俺の姿を見かけて吠えては尻尾をパタパタさせ、自分の尾を追うようにその場をぐるぐると回り続けている。…アホなのか?
白いもふもふの毛は、少し赤く染まっている。だが、犬本人はダメージが無さそうだ。
…やはり、こいつか。
善見城にて、俺の顔面に尻の穴を擦り付けた畜生。軽く屈辱だったんですが。
それにさっき、湖畔の砂浜で波動砲をぶっ放され、吹っ飛ばされた。
この畜生は何者か。

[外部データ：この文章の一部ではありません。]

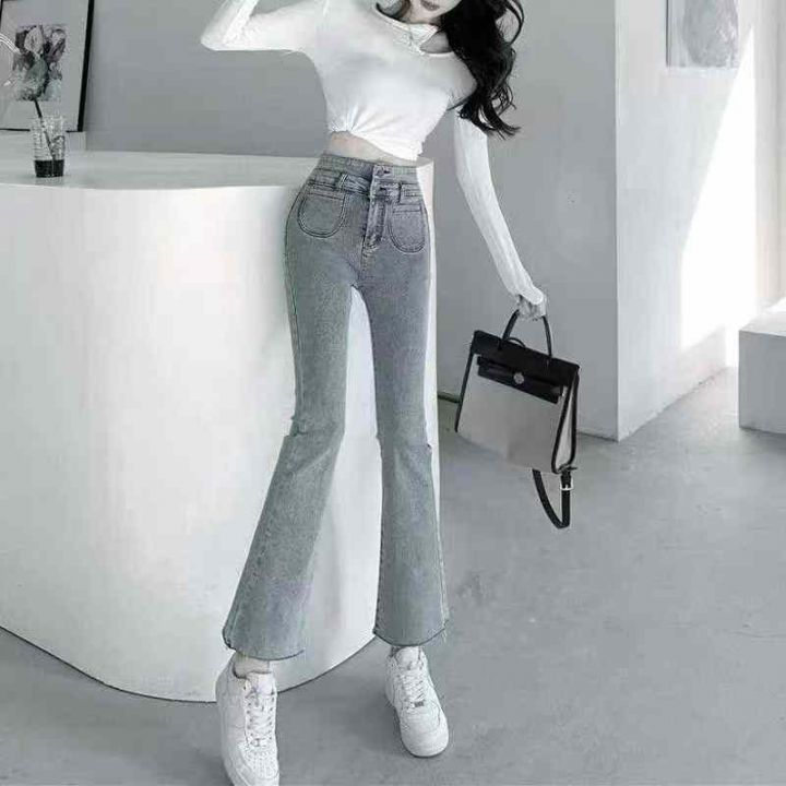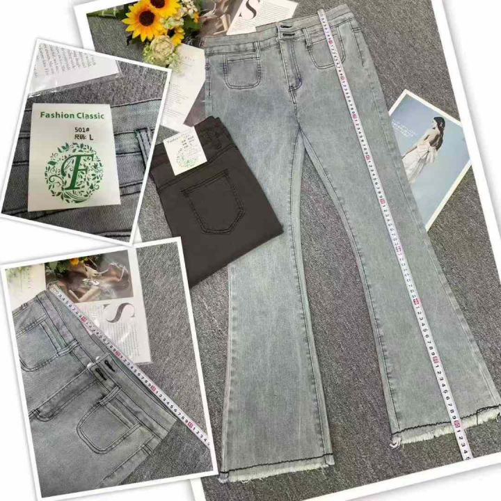早秋季新品高弹力女装洗水棉毛边微喇叭牛仔裤,独立包装带腰卡,码数S-2XL码,1150件,全清9.9元超低价秒杀!分货加一!

…いや、知ってるけど。
だが、その畜生の傍には…探し求めていた彼女がいる。
仰向けに倒れている羅沙が。
遠くから見た感じでは気を失っているだけのようだ。
良かった…と、ホッと胸を撫で下ろす。
…羅沙の無事が確認出来たのなら、次は山火事の消火だ。
だが、この闇の神力の炎は、地獄の業火。
単なる氷冷の術だとかで消える代物ではない。
《頼む…『相殺』だ!それでこの紅蓮の炎は消える…!》
…因果関係はわからないが、魔力を中和、分子分解して魔族を駆逐する術式…『相殺』が有効なのだという。